(Records contained in a dataset)

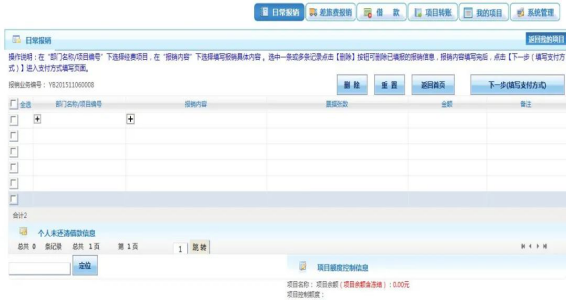 单击部门名称/项目编号列的加号按钮就会拉伸出该人员负责的项目,从中选择一个本次报账的项目。
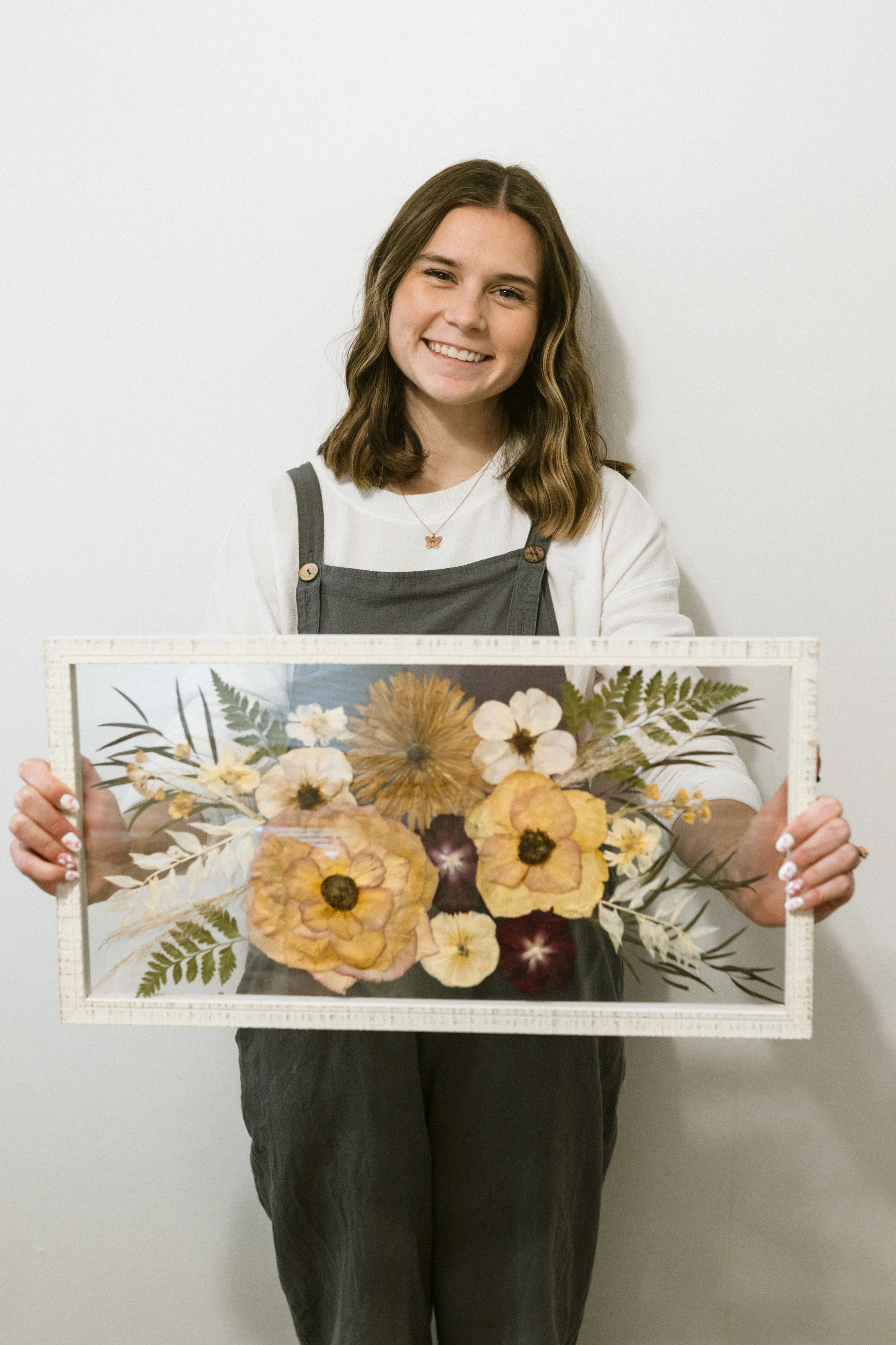 Hi! I’m Kourtney and I create art out of pressed flowers. Flowers are beautiful and are often used during very special moments in our lives, being able to save them is something I’ve become so excited about! This process is beautiful and I am excited to help you preserve your special flowers and have your own pressed flower art piece! Thanks for being here!
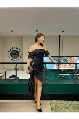 Gold Toka Detaylı Asimetrik Saten Elbise
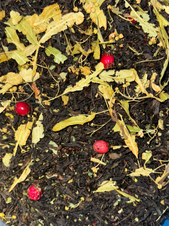 ягоды барбариса и клюквы, листья смородины, сафлор, рябина красная, боярышник, чай черный
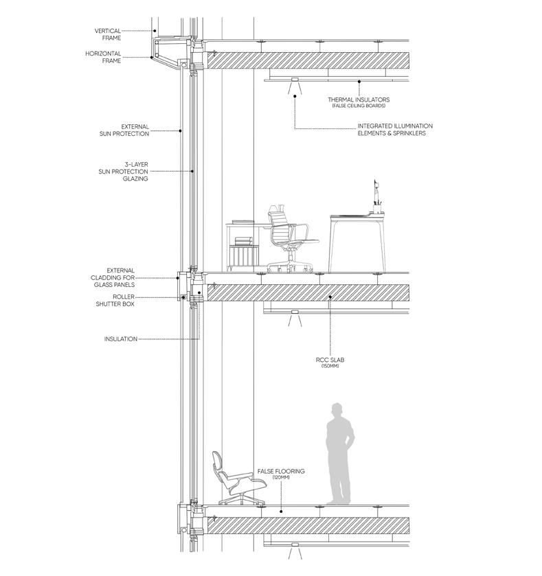 Massing of the building is done in a manner to reduce heat gain and achieve mutual shading.
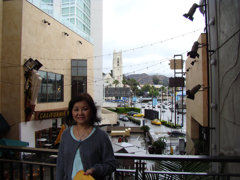 Quang cảnh tiệm tùng và quán ăn trong khu nhà hát Kodak. Từ khu này, ngó sang bên kia đồi là tấm bảng nổi tiếng “Hollywood”. Vì sương mù nên tấm bảng nầy lúc ẩn lúc hiện..
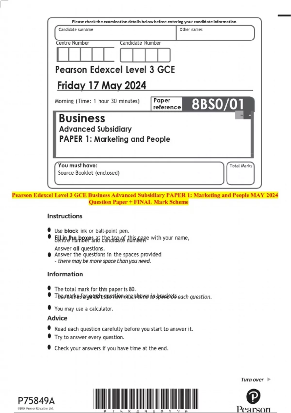 Pearson Edexcel Level 3 GCE Business Advanced Subsidiary PAPER 1: Marketing and People MAY 2024 Question Paper + FINAL Mark Scheme
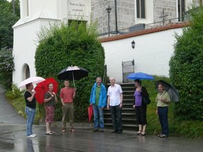 Der Blick in die aus Tuffstein gebaute spätgotische Kirche St. Aegidius war der Gruppe nicht möglich, sie war verschlossen. Benedikt Mayer, selbst aktiver Katholik, kennt die Kirche natürlich und hat auf den Aßlinger Kirchenwegweiser verwiesen, den es in der Bücherstube in Aßling zu kaufen gibt.
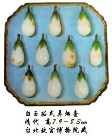 宫廷中当时大量的制造这种白玉鼻烟壶。也是十个一盒,有折方壶,有背壶式的,有茄式的,有籽玉的非常漂亮,美不胜收。我们看看茄式的鼻烟壶,像茄子,做得非常巧妙,它用碧玉做上茄上的蒂。有一个把,把一个盖打开 ,就是鼻烟匙,就是挖鼻烟的钓。
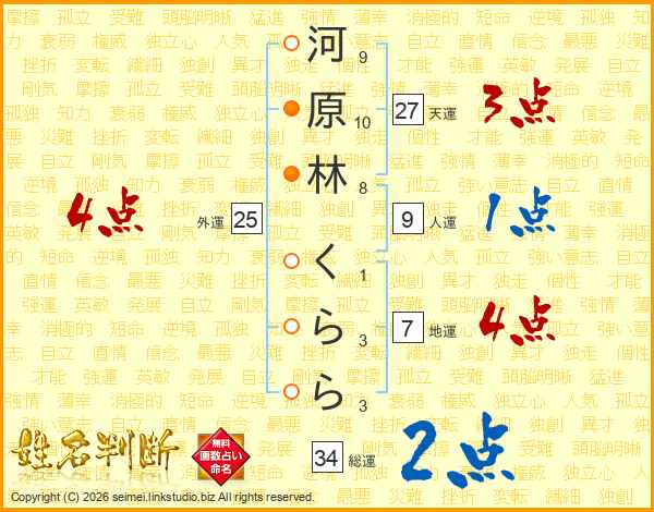 河(9画)原(10画)林(8画) く(1画)ら(3画)ら(3画)

_Exercise description_
Exclude the images and reproduce the remaining data exactly.

_Finished exercise_
 单击部门名称/项目编号列的加号按钮就会拉伸出该人员负责的项目,从中选择一个本次报账的项目。
 Hi! I’m Kourtney and I create art out of pressed flowers. Flowers are beautiful and are often used during very special moments in our lives, being able to save them is something I’ve become so excited about! This process is beautiful and I am excited to help you preserve your special flowers and have your own pressed flower art piece! Thanks for being here!
 Gold Toka Detaylı Asimetrik Saten Elbise
 ягоды барбариса и клюквы, листья смородины, сафлор, рябина красная, боярышник, чай черный
 Massing of the building is done in a manner to reduce heat gain and achieve mutual shading.
 Quang cảnh tiệm tùng và quán ăn trong khu nhà hát Kodak. Từ khu này, ngó sang bên kia đồi là tấm bảng nổi tiếng “Hollywood”. Vì sương mù nên tấm bảng nầy lúc ẩn lúc hiện..
 Pearson Edexcel Level 3 GCE Business Advanced Subsidiary PAPER 1: Marketing and People MAY 2024 Question Paper + FINAL Mark Scheme
 Der Blick in die aus Tuffstein gebaute spätgotische Kirche St. Aegidius war der Gruppe nicht möglich, sie war verschlossen. Benedikt Mayer, selbst aktiver Katholik, kennt die Kirche natürlich und hat auf den Aßlinger Kirchenwegweiser verwiesen, den es in der Bücherstube in Aßling zu kaufen gibt.
 宫廷中当时大量的制造这种白玉鼻烟壶。也是十个一盒,有折方壶,有背壶式的,有茄式的,有籽玉的非常漂亮,美不胜收。我们看看茄式的鼻烟壶,像茄子,做得非常巧妙,它用碧玉做上茄上的蒂。有一个把,把一个盖打开 ,就是鼻烟匙,就是挖鼻烟的钓。
 河(9画)原(10画)林(8画) く(1画)ら(3画)ら(3画)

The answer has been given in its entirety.